The Digital Reinvention of Home Shopping Networks
Shoppable content makes it that much easier to buy things from your couch
Earlier this month, One Platform Commerce, NBCU’s initiative for shoppable TV, announced a partnership with PayPal. And this week, just in time for the holiday shopping season, NBC ran a two-hour shopping special on “Today All Day,” Peacock’s dedicated streaming channel for its tentpole morning show. This is a particularly savvy use of the brand’s streaming platform, which allows for virtually unlimited run times as compared to the tight segments of Today’s broadcast program. The showcased products were available for purchase on a dedicated brand site and accessible via on-screen QR codes.
This option presents a novel entry point into traditional advertising for young and DTC brands — 94% percent of the One Platform Commerce partner companies have never run a TV ad. Though brands like these are more often associated with social media advertising, shoppable content that builds on existing brands and creators, whether it be the Today show or Emma Chamberlain, gives advertisers more options. With this move into shoppable content, NBC joins brands like TikTok (which recently announced a partnership with Shopify) and LG Smart TVs (which now come with a built-in shopping streaming channel). Instagram launched a Shop feature for creators and brands this summer and already has shoppable content in IGTV, which will expand to Reels later this year. Amazon and Google have also invested in the livestream commerce arena. Though Amazon Live and Google’s Shoploop haven’t made big waves yet, if digital malls stick around for the near future, we’ll likely be seeing more from them soon.
In many ways, the shoppable streaming content of today is an extension of what many influencers, particularly in fashion and beauty, have been doing on platforms like YouTube for years. Of course, haul videos and “first impressions” also build on the tradition of home shopping television networks. Today’s commerce-focused digital video combines the tried-and-true banter of brands like HSN and QVC (both founded in the mid-1980s) with the technology of today. No need for “Call now!” messages. Instead, hosts can prompt the audience to scan a QR code or hit a link, if viewing on a mobile device. The widespread adoption of QR codes in the United States in the midst of the pandemic has normalized their use, making it easier for companies like NBCU to put a direct, trackable CTA in the middle of a program.
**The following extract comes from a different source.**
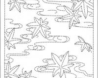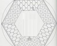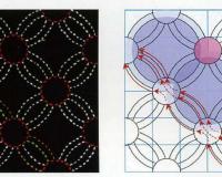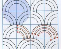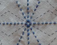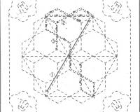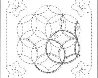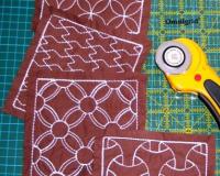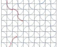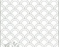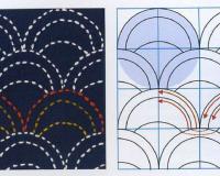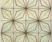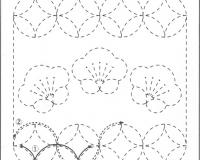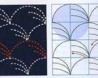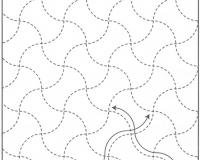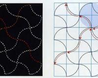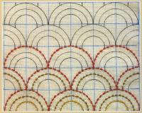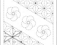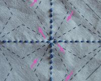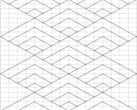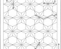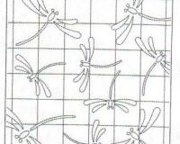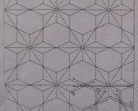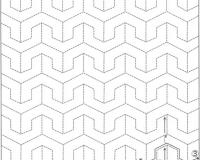 Nusibraižę brėžinį nukopijuojame ant audinio. Pirmiausia dygsniuojame horizontalias ir vertikalias linijas, išskyrus išorines, po to skersas linijas.

It remains to be seen how this holiday shopping season will shake out. Despite the financial toll the pandemic has had across industries, many are predicting record spending. Online sales have been gaining on brick and mortar for years, and shoppable content makes it that much easier to buy things from your couch. This year, Cyber Monday will almost certainly be more eventful than Black Friday. But with sale seasons becoming increasingly borderless and retail itself inching closer into our homes, there’s no reason to believe that the shopping season will end with the new year.